SUPPLIED MATERIAL: Begin

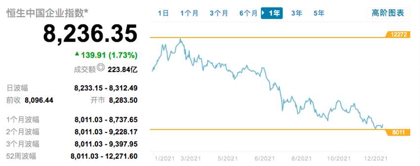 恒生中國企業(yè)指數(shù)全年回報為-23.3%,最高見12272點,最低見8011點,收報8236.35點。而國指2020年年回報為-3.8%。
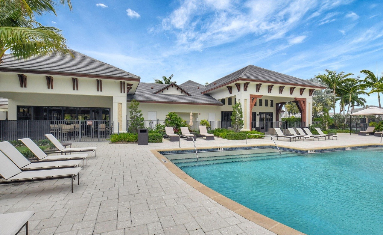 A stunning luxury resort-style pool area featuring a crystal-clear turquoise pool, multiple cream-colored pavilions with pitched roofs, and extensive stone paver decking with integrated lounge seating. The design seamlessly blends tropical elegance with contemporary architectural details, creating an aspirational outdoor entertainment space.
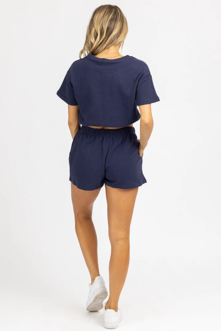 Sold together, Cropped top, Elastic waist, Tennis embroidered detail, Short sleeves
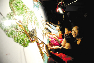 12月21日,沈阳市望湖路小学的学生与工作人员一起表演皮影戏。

SUPPLIED MATERIAL: End

WHAT IS REQUIRED — Where a picture appears in the data, omit it; restate the rest word for word.

SOLUTION TO THE PROBLEM —
 恒生中國企業(yè)指數(shù)全年回報為-23.3%,最高見12272點,最低見8011點,收報8236.35點。而國指2020年年回報為-3.8%。
 A stunning luxury resort-style pool area featuring a crystal-clear turquoise pool, multiple cream-colored pavilions with pitched roofs, and extensive stone paver decking with integrated lounge seating. The design seamlessly blends tropical elegance with contemporary architectural details, creating an aspirational outdoor entertainment space.
 Sold together, Cropped top, Elastic waist, Tennis embroidered detail, Short sleeves
 12月21日,沈阳市望湖路小学的学生与工作人员一起表演皮影戏。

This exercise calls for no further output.